If you then straighten the sheet of paper again, then there will be two figures on it, which are called symmetrical relative to a given line (Fig. 128).
Two figures are called symmetrical with respect to a certain straight line if, when bending the drawing plane along this straight line, they are aligned.
The straight line with respect to which these figures are symmetrical is called their axis of symmetry.
From the definition of symmetrical figures it follows that all symmetrical figures are equal.
You can obtain symmetrical figures without using bending of the plane, but with the help of geometric construction.
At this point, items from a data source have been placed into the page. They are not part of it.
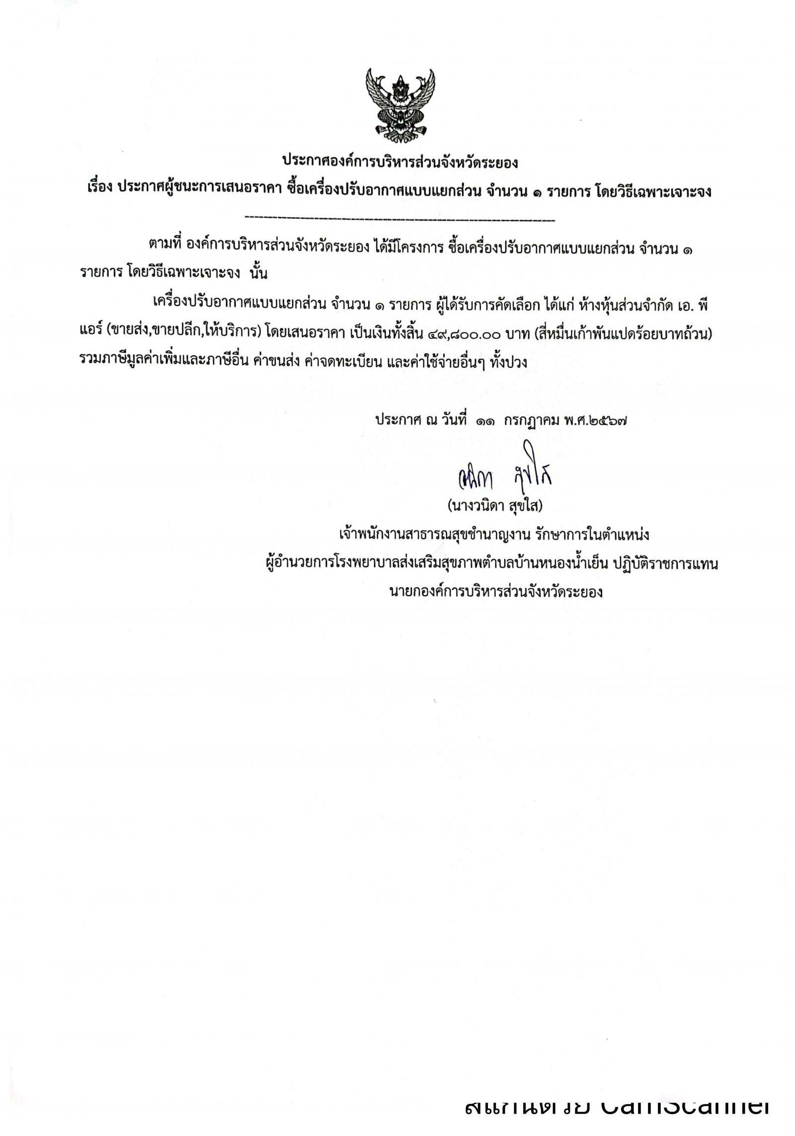 ประกาศผู้ชนะการเสนอราคา ซื้อเครื่องปรับอากาศแบบแยกส่วน จำนวน 1 รายการ โดยวิธีเฉพาะเจาะจง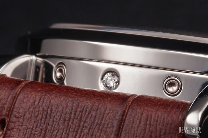 ▲一本PP的惯例,铂金款式都会在下表耳间6点钟位置的表壳镶上一颗单钻,低调至极,而这款的话单钻两旁还多了万年历的隐藏式快调按把。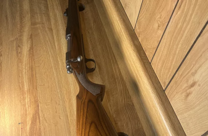 It has seen use but is in good shape. Only real wear is on the magazine floor-plate, trigger guard and the top coat of the laminate stock in areas around the butt. I’ve tried to capture this in the pictures.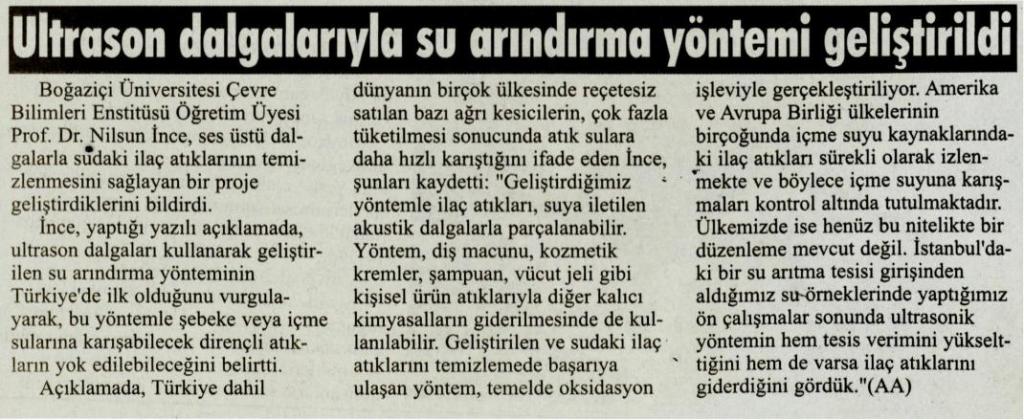 Ultrason dalgalarıyla su arındırma yöntemi geliştirildi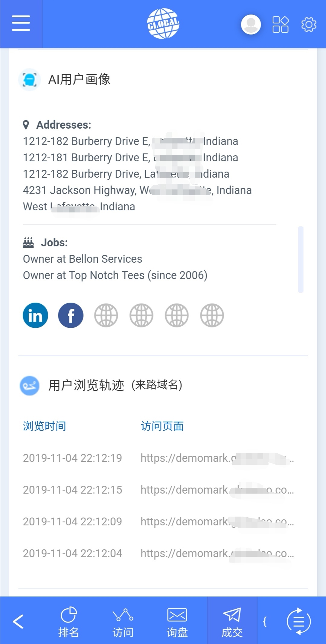 一键就能获取到客户的电话社交等信息,业务自动送上门,还可以实时把握询盘客户信息,全方位跟踪客户,即使了解客户需求,想客户所想。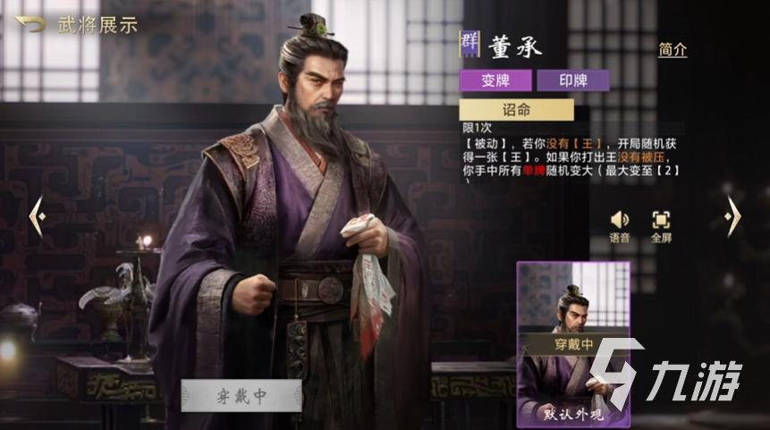 群雄的董奉,中年比较威严的形象,硬朗,孔武有力,他的技能特色是变牌和印牌。“诏命”就是他的技能,只能使用一次,是个被动技能,如果自己手上没有“王”,开局随机获得1张“王”,如果打出“王”没有被压,自己手里所有的单牌都会随机变大,最大会变成“2”,这个被动还是非常有意思的,“王”是最大单牌,获得这个牌则是得到了单牌中最大压制效果,而将其他单牌随机变大,则让手中单牌有机会变成对子,总之该技能能让自己对局拥有很大优势和反制能力。

Let it be necessary to construct a point C" symmetrical to a given point C relative to straight line AB. Let us drop a perpendicular from point C
CD to straight line AB and as its continuation we will lay down the segment DC" = DC. If we bend the drawing plane along AB, then point C will align with point C": points C and C" are symmetrical (Fig. 129).
Suppose now we need to construct a segment C "D", symmetrical to a given segment CD relative to the straight line AB. Let's construct points C" and D", symmetrical to points C and D. If we bend the drawing plane along AB, then points C and D will coincide, respectively, with points C" and D" (Drawing 130). Therefore, segments CD and C "D" will coincide , they will be symmetrical.
Let us now construct a figure symmetrical to the given polygon ABCDE relative to the given axis of symmetry MN (Fig. 131).
To solve this problem, let’s drop the perpendiculars A A, IN b, WITH With, D d and E e to the axis of symmetry MN. Then, on the extensions of these perpendiculars, we plot the segments
A A" = A A, b B" = B b, With C" = Cs; d D"" =D d And e E" = E e.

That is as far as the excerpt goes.